[YOUR INSTRUCTIONS]: Lines from the start of the data through the line containing "We teamed up" must be given again exactly. Leave the others out.

[PROVIDED MATERIAL]:
--- START ---

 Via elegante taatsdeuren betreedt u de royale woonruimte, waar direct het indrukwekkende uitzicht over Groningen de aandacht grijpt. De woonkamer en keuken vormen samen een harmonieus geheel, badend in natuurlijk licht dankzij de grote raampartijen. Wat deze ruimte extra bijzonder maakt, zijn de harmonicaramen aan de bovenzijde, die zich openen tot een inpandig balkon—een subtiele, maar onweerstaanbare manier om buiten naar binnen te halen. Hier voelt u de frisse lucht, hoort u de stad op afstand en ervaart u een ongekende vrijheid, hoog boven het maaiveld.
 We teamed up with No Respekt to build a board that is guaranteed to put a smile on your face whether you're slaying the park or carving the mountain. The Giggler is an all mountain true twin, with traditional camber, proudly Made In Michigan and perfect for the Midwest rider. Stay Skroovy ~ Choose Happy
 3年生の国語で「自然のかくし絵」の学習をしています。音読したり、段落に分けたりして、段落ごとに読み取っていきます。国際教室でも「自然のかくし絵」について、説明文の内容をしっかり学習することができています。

--- END ---

[FINAL ANSWER]:
 Via elegante taatsdeuren betreedt u de royale woonruimte, waar direct het indrukwekkende uitzicht over Groningen de aandacht grijpt. De woonkamer en keuken vormen samen een harmonieus geheel, badend in natuurlijk licht dankzij de grote raampartijen. Wat deze ruimte extra bijzonder maakt, zijn de harmonicaramen aan de bovenzijde, die zich openen tot een inpandig balkon—een subtiele, maar onweerstaanbare manier om buiten naar binnen te halen. Hier voelt u de frisse lucht, hoort u de stad op afstand en ervaart u een ongekende vrijheid, hoog boven het maaiveld.
 We teamed up with No Respekt to build a board that is guaranteed to put a smile on your face whether you're slaying the park or carving the mountain. The Giggler is an all mountain true twin, with traditional camber, proudly Made In Michigan and perfect for the Midwest rider. Stay Skroovy ~ Choose Happy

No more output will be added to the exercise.